Lv Juanxiu, Mao Caiping, Zhu Liyan, Zhang Hong, Pengpeng Hui, Xu Feichao, Liu Yujuan, Zhang Lubo, Xu Zhice
Perinatal Research Laboratory, Soochow University School of Medicine, Suzhou, China.
Neurotoxicology. 2008 Jul;29(4):722-6. doi: 10.1016/j.neuro.2008.04.015. Epub 2008 May 2.

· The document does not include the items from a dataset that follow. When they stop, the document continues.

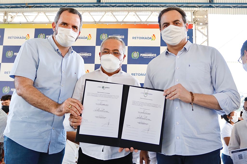 Foi assinado ainda convênio para pavimentação de diversas ruas do município e o termo de licitação para o projeto e construção da passagem molhada na comunidade da Pedra Dágua, distrito de Jericó. Os anúncios contam com uma aporte de R$ 1,3 milhão. Paulo Câmara entregou ainda CRLVs a proprietários de motos devidamente quitadas com base no decreto estadual de anistia das dívidas. Na área do turismo e lazer, foi autorizada a licitação para construção do Pátio Pernambuco, com a implantação de banheiros, área de de convivência, quiosques, playground, bicicletário, espaço para palco montável e amplos espaços de circulação. A ação está orçada em mais de R$ 316 mil.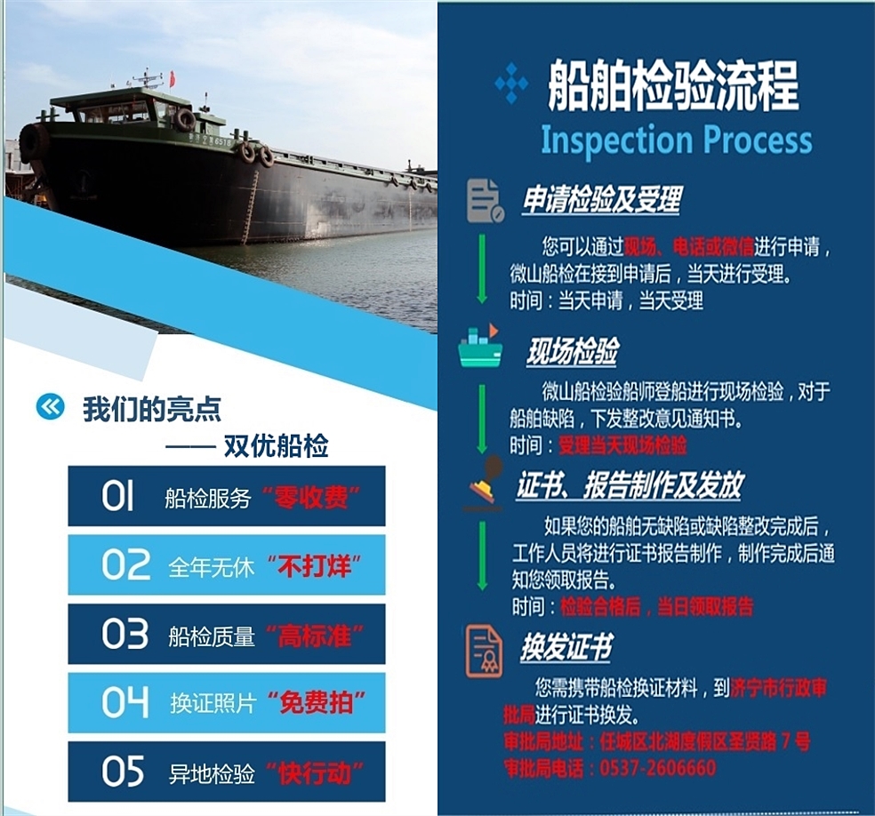 线下,坚持“全年无休日,船检服务不打烊”的服务标准,根据“双优船检”公众号上船员提出的意见建议和反馈的船检需求,全面推行了船检“跟踪服务”,创设了“便民联系卡”,由现场验船师作为检验船舶负责人和联络人,为相关船舶提供船舶缺陷整改、换证照片拍摄上传等服务。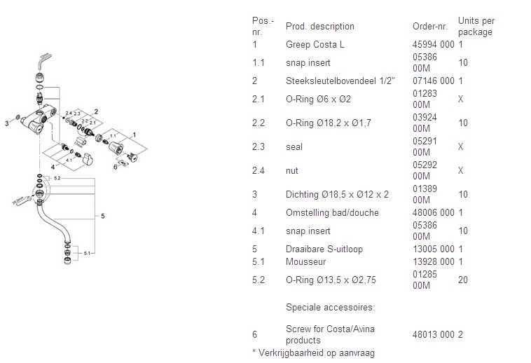 - Een doucheslang (met draadaansluiting 1/2"), zodat jij kan genieten van een heerlijke douche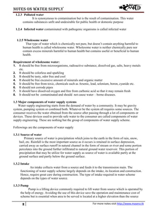 This document provides an overview of key components and objectives of a water supply system. It discusses the following: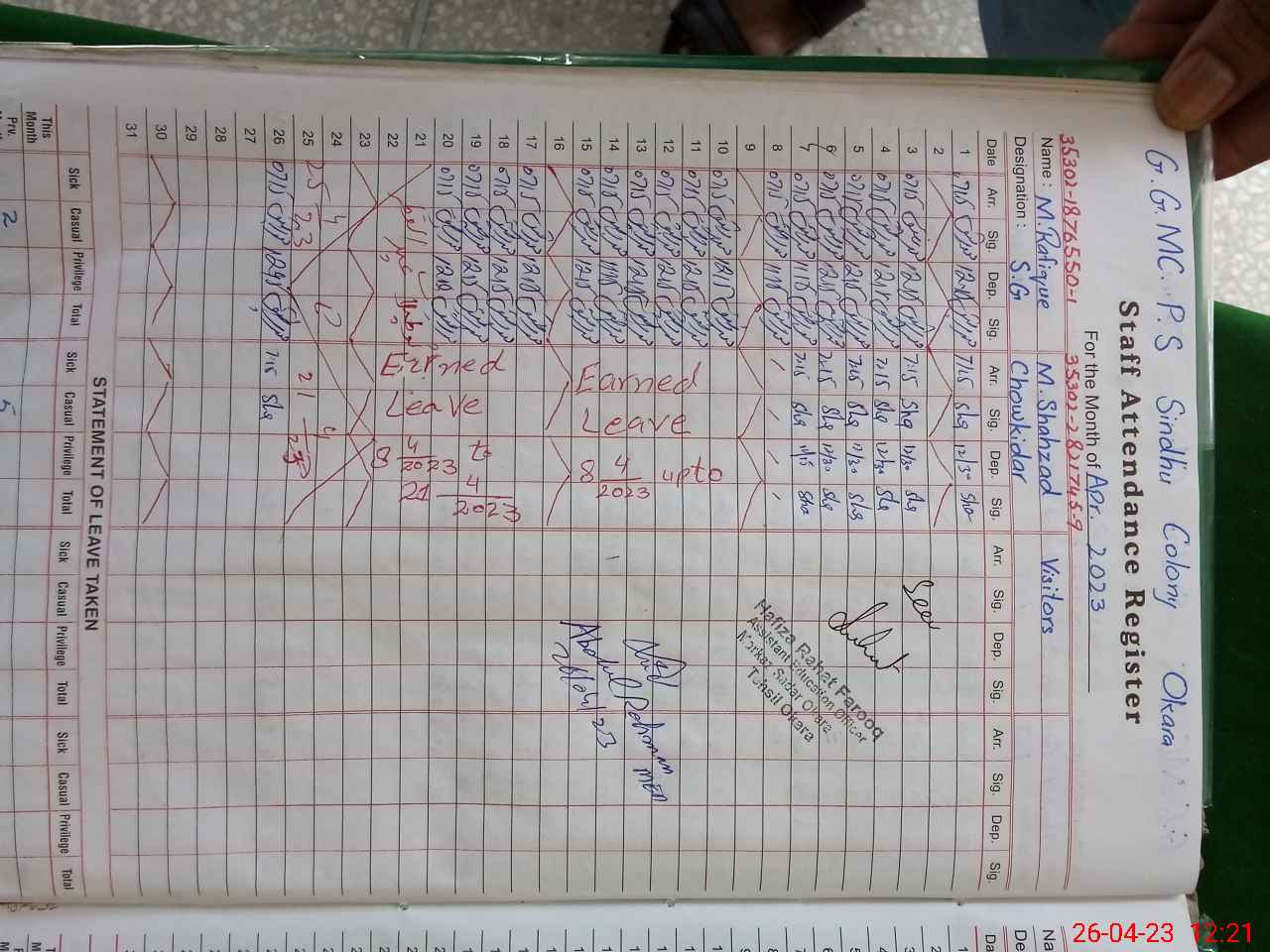 | CNIC | Full Name | Designation | R/C | Absence During Last Calender Month |
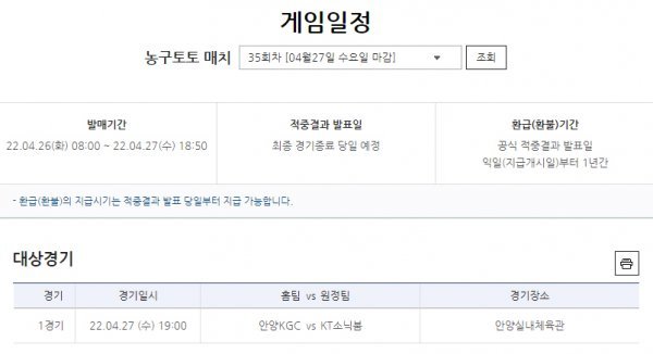 이번 농구토토 매치 35회차 게임은 27일(수) 오후 6시50분까지 구매가 가능하며, 경기가 모두 종료된 뒤 결과가 공식 발표된다.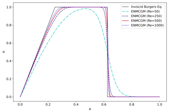 Example 5. In this example, we verify the presented method by solving Equation (1) with the following ICand the BC: , , . The inviscid Burgers’ equation below with the above IC and BC constitute a Riemann problem,Its exact solution can be obtained by the characteristic method, that isFrom Equation (1), we can find that Burgers equation is just Equation (48) plus a viscosity item. Thereby, the solution of Equation (48) is actually smoothed by the diffusion term in Equation (1). In order to examine such smoothing behavior, we solve Equation (1) for varied Reynolds numbers and times. This comparison test has also been investigated by Chen and Jiang [32]. Figure 15 compares our results for Burgers’ equation Equation (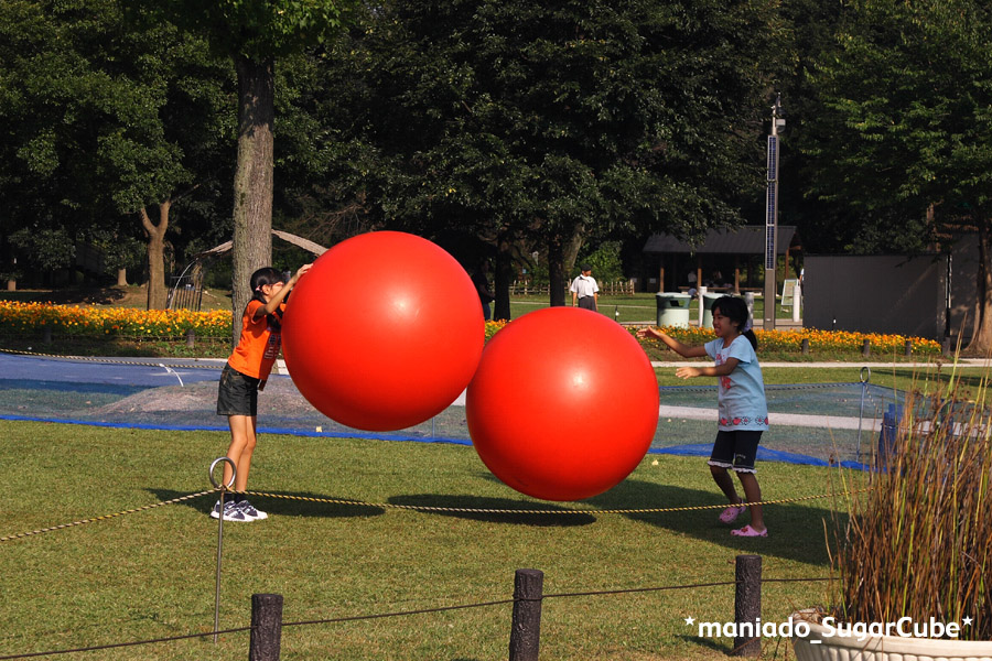 ボールの色が鮮やかであまりにもでかくて目をひいた。弾力がけっこうあるらしく弾ませて遊んでいた。

Previous studies have suggested that prenatal exposure to nicotine is associated with abnormal development in fetuses, including fetal brain damage. The present study determined the effect of maternal administration of nicotine during different gestational periods on brain nicotine receptor subunits in fetal rats. Subcutaneous injections of nicotine in maternal rats from the early and middle gestation decreased fetal blood PO2, increased fetal blood PCO2 and hemoglobin, and decreased fetal brain weight. The nicotinic acetylcholine receptor (nAChRs) mRNA abundance in the fetal brain was significantly changed by prenatal treatment with nicotine during pregnancy. Fetal alpha2, alpha4, alpha7, and beta2 units were significantly increased in the brain by prenatal exposure to nicotine in rat fetuses. However, the expression of mRNA of fetal brain alpha3, alpha5, beta3, and beta4 units were not changed. The results showed that prenatal nicotine can change the development of both alpha and beta subunits of nAChRs in the fetal brain at gene level in association with restriction of fetal brain growth and in utero hypoxia.
先前的研究表明,产前暴露于尼古丁与胎儿的异常发育有关,包括胎儿脑损伤。本研究确定了母体在不同孕期给予尼古丁对胎鼠脑尼古丁受体亚基的影响。在妊娠早期和中期对母鼠进行皮下注射尼古丁,可降低胎儿血氧分压,增加胎儿血二氧化碳分压和血红蛋白含量,并降低胎儿脑重量。孕期产前给予尼古丁治疗可显著改变胎脑烟碱型乙酰胆碱受体(nAChRs)的mRNA丰度。产前暴露于尼古丁的大鼠胎儿脑中,胎儿α2、α4、α7和β2亚基显著增加。然而,胎儿脑α3、α5、β3和β4亚基的mRNA表达没有变化。结果表明,产前尼古丁可在基因水平上改变胎脑nAChRsα和β亚基的发育,这与胎儿脑生长受限和宫内缺氧有关。